Create input tables for the Dyscovr framework. This is performed in a separate step in order to shorten runtime when multiple variations of Dyscovr (e.g. with varying arguments) are run on the same input data. This step relies on helper functions found in dyscovr_helper_functions.R and creates two types of input files, stored separately to conserve memory: A. Features independent of the target gene: a table with features that are independent of the given target gene (including clinical features and driver-specific features). Only one of these files is created per cancer type. B. Features dependent on the target gene: specifically, target gene expression, mutation status, CNA status, and methylation status. One of these files is created per target gene in consideration.
Dyscovr is run using SLURM job allocation software on a HPC. View the create_dyscovr_input_tables.sh file to adjust arguments as desired. Detailed descriptions of each argument with defaults are found at the top of create_dyscovr_input_tables.R. Default memory allocation is 64GB, and allocating less may cause an out-of-memory error. CPUs-per-task is set to 8 for purposes of multithreading and speed improvements.
Once the batch file is adjusted appropriately, cd to the main Dyscovr directory and call sbatch create_dyscovr_input_tables.sh from the command line.
The dyscovr.R file runs an individual regression per target gene, and for each target gene, binds together the two types of input files (the target-independent feature file and the target-specific feature file, see 'Input Files') to use as input to regression. This file outputs merged data tables, consisting of regression output from all target genes together. This included uncorrected output (no ID conversion, no multiple hypothesis testing correction, and all feature results included) as well as corrected output for only driver mutation (_MUT) or CNA (_CNA) features, with driver-target pairings ordered by q-value. Variables excluded during multicollinearity checks are output to a separate file.
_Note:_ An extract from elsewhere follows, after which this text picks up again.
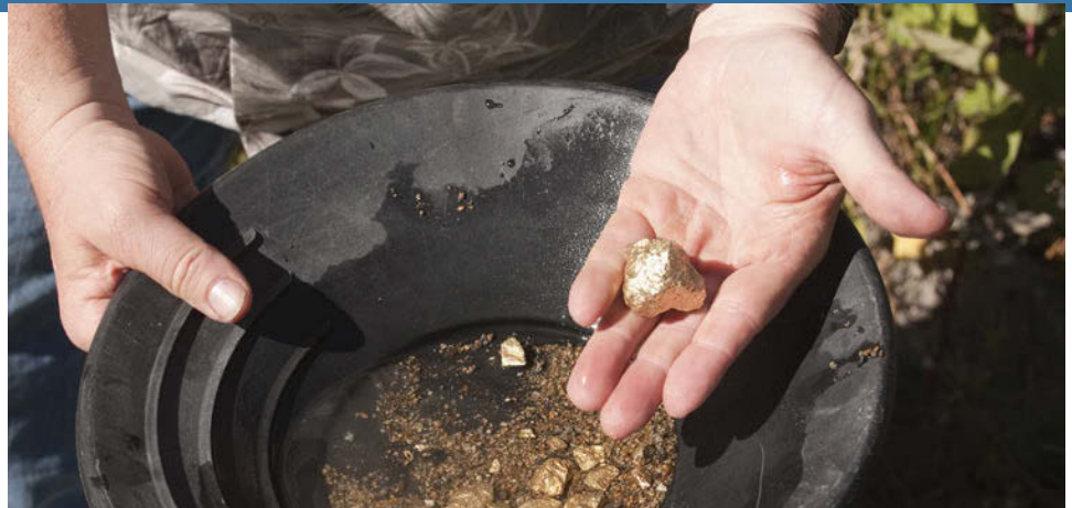
La prospection de l'or est toujours un passe-temps populaire.

Le climat de Denver est semi-aride et la ville profite d'une moyenne de 300 jours d'ensoleillement par an. Les hivers sont doux ; néanmoins il peut tomber entre 1,3 m et 1,6 m de neige d'octobre à avril à Denver.

Dyscovr is run using SLURM job allocation software on a HPC. View the run_dyscovr.sh file to adjust arguments as desired. Detailed descriptions of each argument with defaults are found at the top of dyscovr.R. Default memory allocation is 64GB, and allocating less may cause an out-of-memory error. CPUs-per-task is set to 8 for purposes of multithreading and speed improvements.
Once the batch file is adjusted appropriately, cd to the main Dyscovr directory and call sbatch run_dyscovr.sh from the command line. Outfiles will be found in the directories you created in 'Create Directory Hierarchies...' and specified in the arguments of run_dyscovr.sh.
NOTE: When running on all genes in the human genome as targets, run on multiple, smaller input files for memory purposes (allgene_targets_pt1.csv, allgene_targets_pt2.csv, etc.). Post-processing is required to bind these results files back together and perform multiple hypothesis testing correction on the full set of tests; see recombine_multipart_output.R.